Step S32: for A in an overcomplete dictionary _c 、B _c C (C) _c Performing unitary transformation to obtain overcomplete dictionary after unitary transformation

Step S33: by usingΛ＝diag(α)、p(α _n )＝Γ(α|1,w _n ρ) is a user-selected parameter and a signal source S _sv Posterior probability distribution ∈> The mean and variance μ (t) =α of the signal are obtained ₀ ∑Φ ^H y _sv (t),t＝1,....K，∑＝(α ₀ Φ ^H Φ+Λ ^-1 ) ^-1 Updating a mean μ (t) and a variance Σ of a signal using an overcomplete dictionary Φ after unitary transformation, and updating a super parameter α based on the mean μ (t) and the variance Σ of the signal ₀ Alpha and offset beta; judging whether the maximum iteration number i is reached _max or ||αⁱ⁺¹ -α ⁱ || ₂ /||α ⁱ ₂ And if not, updating the over-complete dictionary phi by using the updated offset beta, and continuing to update the mean mu (t) and the variance sigma of the signals by using the updated over-complete dictionary phiThereby updating the super parameter alpha ₀ Alpha and offset beta; if one or two conditions are satisfied, ending the iteration and outputting DOA estimate +.>

Further, updated superparameter alpha ₀ Alpha is respectively as follows:

wherein μ= [ μ (1),. Mu.μ (K)]＝α ₀ ∑Φ ^H Y _sv ， ρ＝ρ/K，/>b,c→0。

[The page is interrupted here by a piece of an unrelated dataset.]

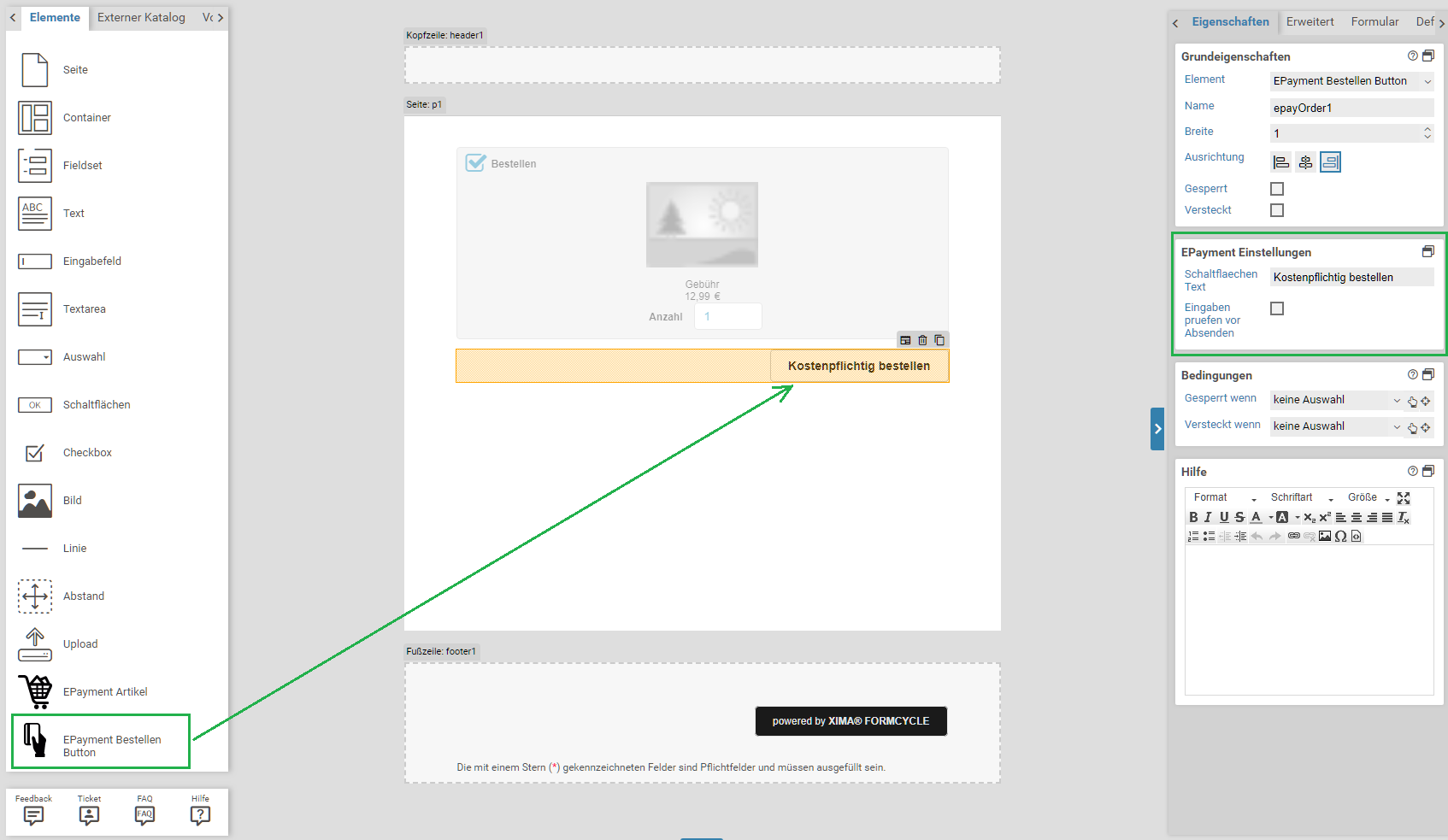 Über das Formular-Element EPayment Bestellen Button kann das Formular durch den Nutzer abgesendet und damit der Bezahlvorgang gestartet werden.

Further, the updated offset β is:

wherein ,

further, step S1 includes the steps of:

step S11: for the received signal Y _c Constructing an augmentation matrix to form a central hermite matrix:

wherein ,Y_c ^* Is Y _c Is used for the complex conjugate of (a),

step S12: to the center Hermite matrix Y _aug Unitary transformation processing:wherein Y represents Y _aug After unitary transformation, transforming from complex domain to matrix of real number domain, U is unitary matrix;

when M is even, U _M Can be expressed as:

wherein I is an identity matrix of M/2 xM/2, J is an exchange matrix of M/2 xM/2, the auxiliary diagonal line is 1, and the other elements are 0;

when M is odd number, U _M Can be expressed as:

wherein the dimension of I and J is (M-1)/2;

similarly, U _2T Is a 2T dimensional unitary matrix.

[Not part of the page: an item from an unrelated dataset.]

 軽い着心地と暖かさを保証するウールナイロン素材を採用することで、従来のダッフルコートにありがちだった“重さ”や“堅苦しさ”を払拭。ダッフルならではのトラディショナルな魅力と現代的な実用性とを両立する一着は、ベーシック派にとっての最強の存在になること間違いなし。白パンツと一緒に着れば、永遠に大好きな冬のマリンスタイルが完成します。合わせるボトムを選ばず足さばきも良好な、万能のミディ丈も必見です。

Further, in step S32, a in the overcomplete dictionary is set _c 、B _c C (C) _c A, B and C for unitary transformation are as follows:

further, step S2 includes the steps of:

singular value decomposition of the unitary transformed received signal Y, i.e. y=u _s ∑ _s V _s ^T +U _e ∑ _e V _e ^T Obtaining a signal subspace U _s Noise subspace U _e The method comprises the steps of carrying out a first treatment on the surface of the Order the Obtaining Y for the real signal source _sv 、S _sv ；

The inverted MUSIC spatial spectrum formula is:weight w= [ w ] ₁ ,…,w _N ] ^T And simultaneously normalizing the weight values to obtain a weight vector w: w=w/min (w).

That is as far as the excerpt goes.